Saturday, April 25, 2009

The end of a blog!

Hi guys,
Due to some unforeseen changes, I am going to have to make some big decisions in my life and discover some new adventures. Therefore I won't be able to devote any more time to this blog detailing my boring life. So instead of leaving you hanging, I am going to take this time to say ciao. It's been fun. Thanks for reading, commenting and showing such support. Maybe when I get back on course I'll start a new blog.... but until then ...

Good bye!

Thursday, April 23, 2009

trying to be a glass is half full sort of girl!

Okay so I feel a little guilty for not writing sooner. But every time I sat down to write, I hated everything that came out. Sometimes I get serious writer's block. So today I decided to publish whatever I wrote even if I hated it. Not a great way to start a blog I know.

The past few weeks have been a blur. Today marks the two month point of not having a job, and it seems so much longer than that. Even though I am officially unemployed, I am always on the go. I was SUPER busy when I had a job, and now that I don't have a job; I am just REALLY busy :)

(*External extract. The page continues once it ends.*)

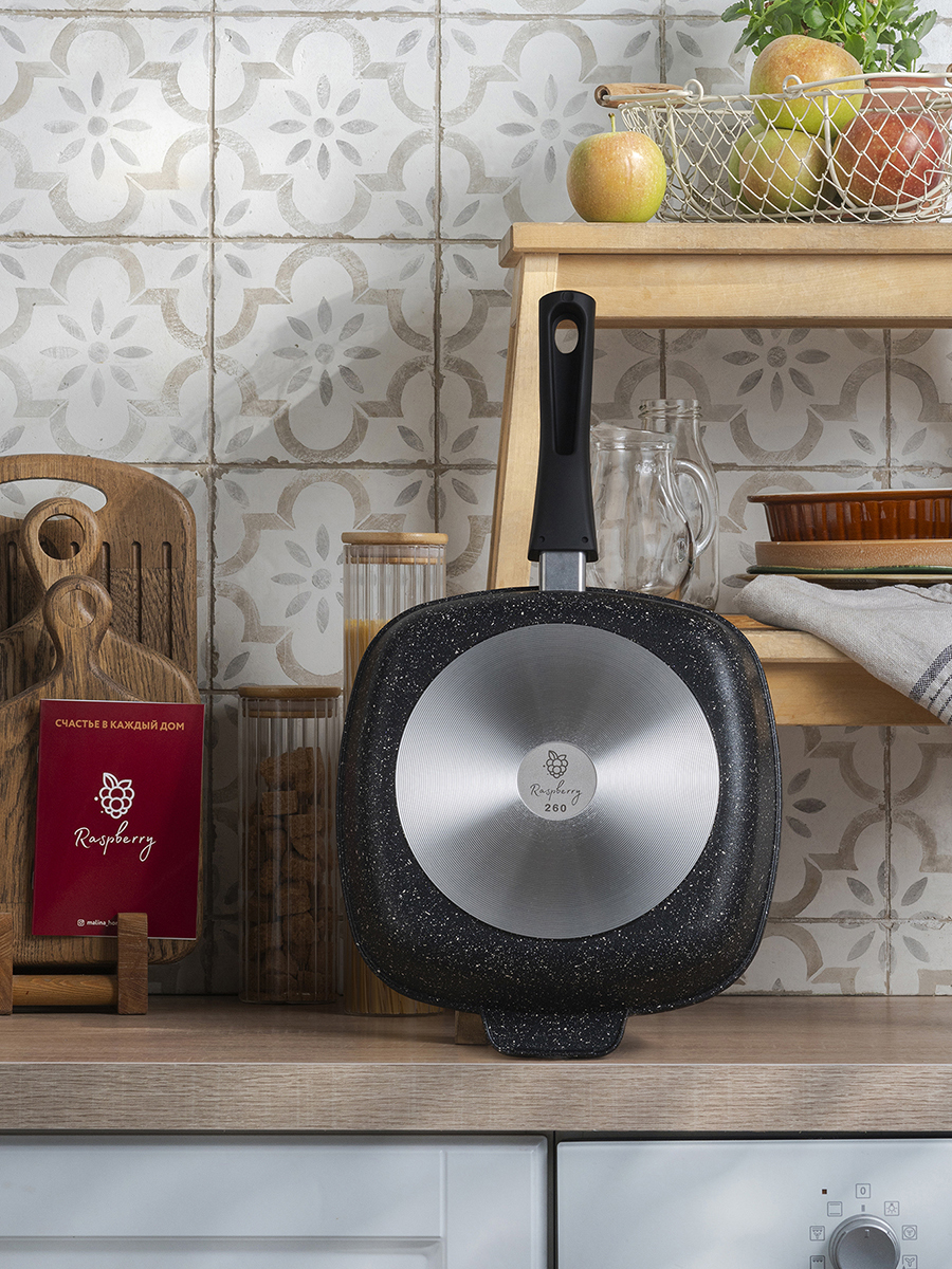 Ваша посуда Raspberry. Для тебя, для дома, для семьи. Дно посуды окрашено, не царапает стеклокерамику и выглядит эстетично, удобная эргономичная ручка, сделана из бакелита, не выделяет запаха при нагревании. Дно посуды не окрашено, но проточено — и не поцарапает поверхность Вся наша посуда сделана литым способом! Это значит, что посуда изготавливается методом ручного кокильного литья (литье в пресс форму) . Поэтому наша посуда не деформируется в процессе эксплуатации, имеет толстое дно — 6 мм и толстые стенки -6 мм. Безопасное антипригарное покрытие позволяет готовить без масла!

The past two weeks have been a mix of strangeness. My body is completely out of whack. I am still recovering from chemo(it was a whole month ago), I am just pulling out of a post chemo induced flare-up, I am on a intense diet( that involves taking diet pills), and I have wicked PMS. Needless to say I have been a tad bit moody. I have also been trying to avoid a serious depression.

It so easy, sometimes, to focus on the negatives in life. I have MS, I have no job, I have two years left of school.. blah, blah.. boo hoo. However I have spent the last week really trying to clear my head, doing some serious self reflection, and basically trying to change my attitude. I can spend all my time focusing on the scary depressing things or I could focus on the good things and obtaining my goals. It is so easy to get bogged down in the negative. It's so much harder to push it out of my head and just "let it go".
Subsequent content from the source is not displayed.